March 2026
March’s Edge is here! Your monthly quick scan of the stories reshaping life for product-based businesses. Below is our pick of developments from across APAC, the UK and Europe, with the angles you can use with your inventory-heavy clients.
Here is what is shaping the conversation this month:
- ANZ small business sales finish 2025 at multi year highs while payment times hit record lows.
- South Australia funds hands on AI coaching for small and family businesses.
- Singapore launches a fixed cost, three-month AI QuickStart for “digital leader” SMEs.

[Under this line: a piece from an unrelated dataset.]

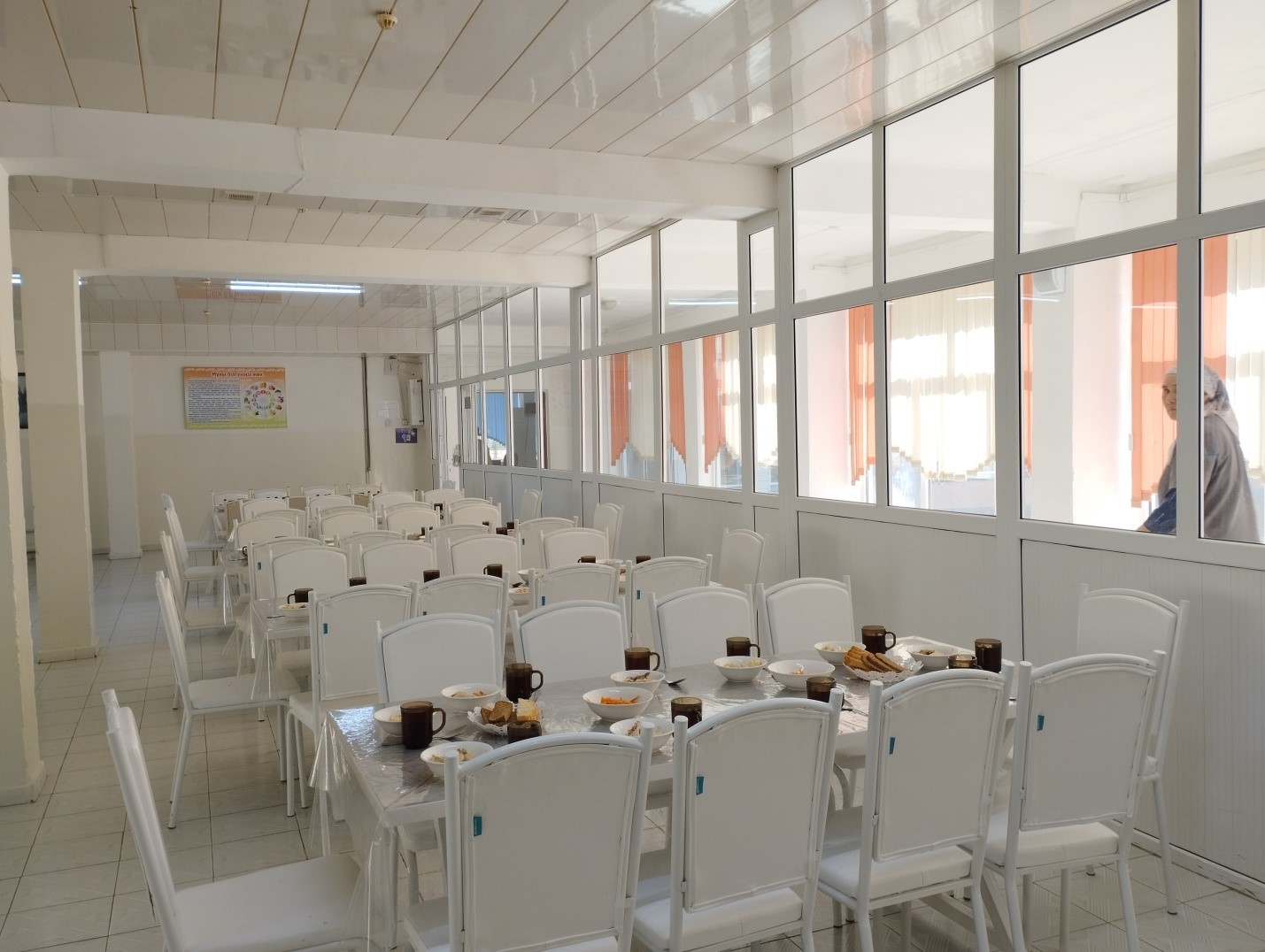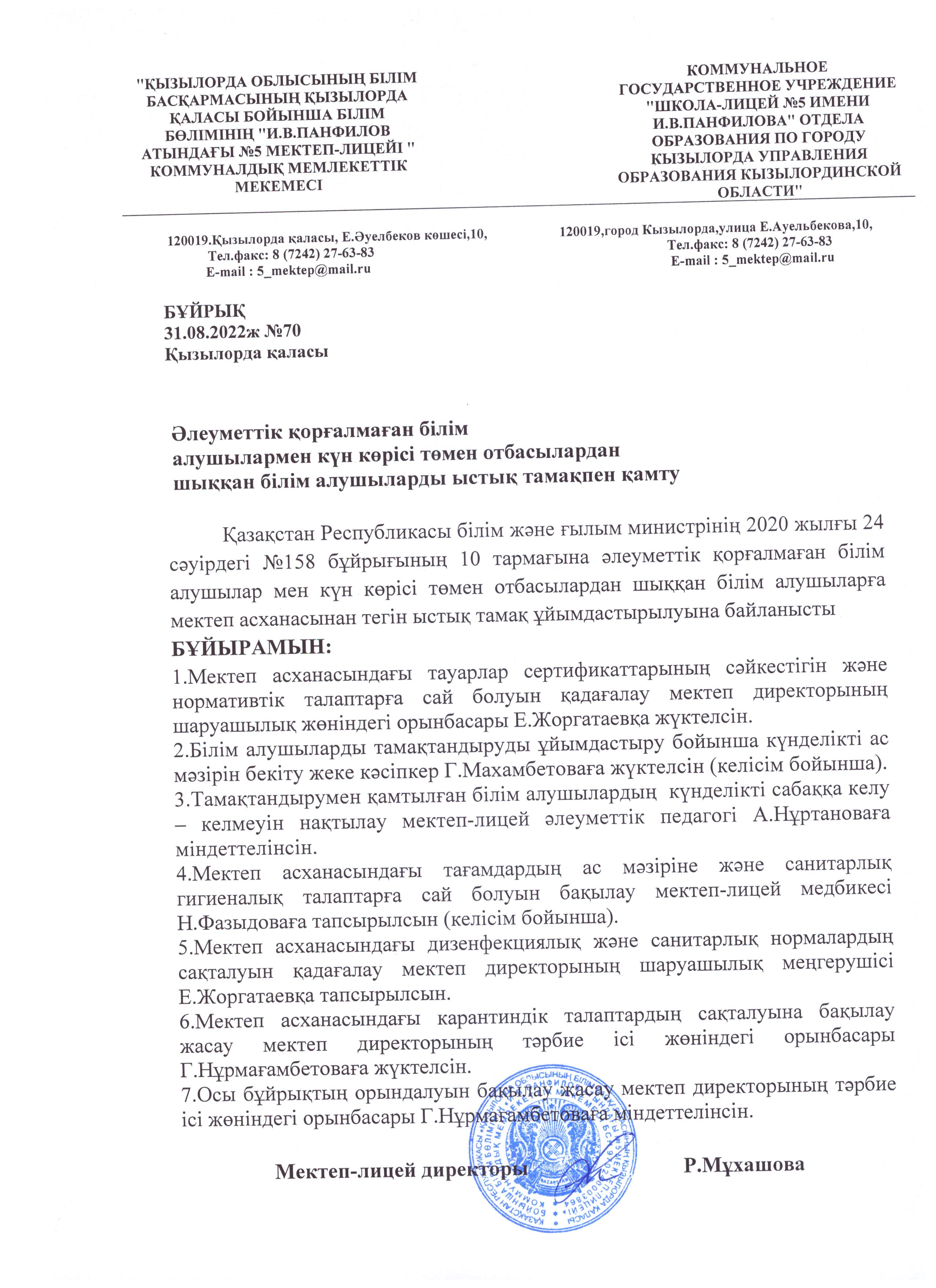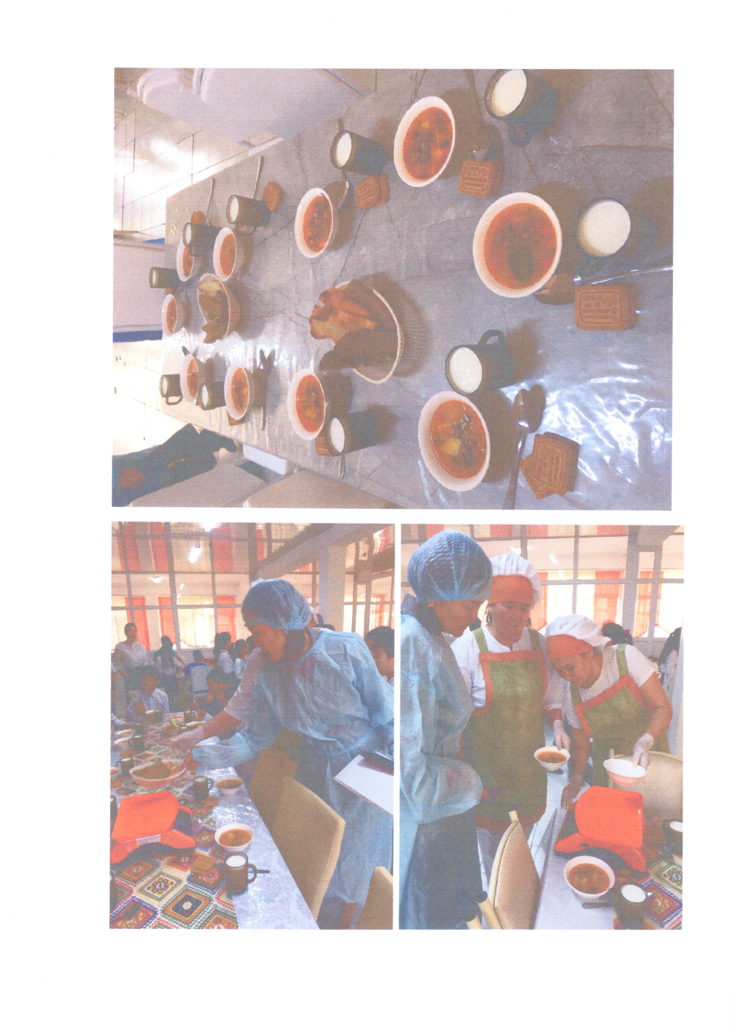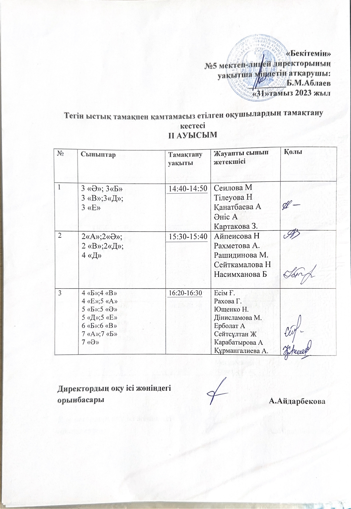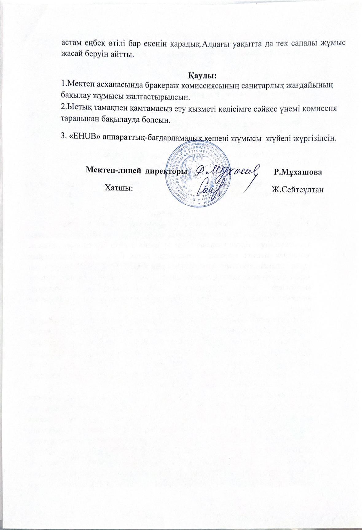 Мектептің асханасы 132 орындық.Тамақ пісіру, азық түлік сақтау бөлмелері бар. Асхананы жалға алушы кәсіпкер Махамбетова Гулшат. Асхана аптасына 5 күн: бірінші және екінші ауысымда жұмыс істейді. Күнделікті тамақ пен ас мәзірін және оның берілуін мектеп медбикесі Н. Фазылова және әлеуметтік педагог А. Нұртанова қадағалайды.Тамақтану бірінші ауысымда сағат 10.25-10.35 аралығында, екінші ауысымда сағат 16.20-16.30 аралығында кезекші мұғалімдер мен сынып жетекшілерінің көмегімен жүзеге асырылады.Бір балаға арналған тамақтың құны 557 теңге. Мектепте жұмыс жасап отырған асхана санитарлық ереже талабына сай.Технологиялық құралдармен, тамақ пісіретін қажетті электр плиталары, ыдыс аяқтар және тоңазытқыштармен қамтылған. Асхананың материалдық - техникалық базасы жақсы деңгейде.Қойма бөлмесі, мұздатқыш жұмыс жасап тұр. Тамақ асханада дайындалады. Асханада 2 аспазшы, 1 буфетші, 2 наубайшы,1 ыдыс жуушы, 1 еден жуушы және 2 зал қызметкері 1 диетолог қызмет етеді.Аспаздардың кәсіптік білімі бар. Жасөспірімдердің тамағының нәрлілігі мен құрамы талапқа сай болуы үнемі басты назарда. Асханада ас мәзірінің орны белгіленіп, күнделікті берілетін дәруменді тамақтар мен жеміс жидектердің ауысып келіп отырылуын мектеп әкімшілігі басшылықта ұстайды.Тамақ пісіруде йодталған тұз пайдаланылады. Сүт өнімдері де белгіленген нормаға сәйкес берілуде. Экологиялық таза сумен қамтылған.Асхананың жұмыс істеуіне қажетті бұйрықтар шығарылып,ыстық тамақпен қамтылған оқушылар тізімі мен тамақтану кестесі жасақталды.

- Xero bakes AI document capture into the ledger ahead of Making Tax Digital.
- MTD for Income Tax drives a last-minute digital rush and fee pressure for unprepared clients.
1. “ANZ small business sales hit three year highs while cash still arrives late”
Xero’s latest Small Business Insights (XSBI) updates for Australia and New Zealand show small businesses ended 2025 with their strongest sales growth in years. In Australia, sales grew 6.7% year on year in the December quarter, with December itself up 9.6% and jobs growth at 3.4% – both the best results in about two years. Average payment times fell to 23.9 days, the fastest recorded since XSBI began, although invoices were still paid around 6.6 days late on average. (Xero)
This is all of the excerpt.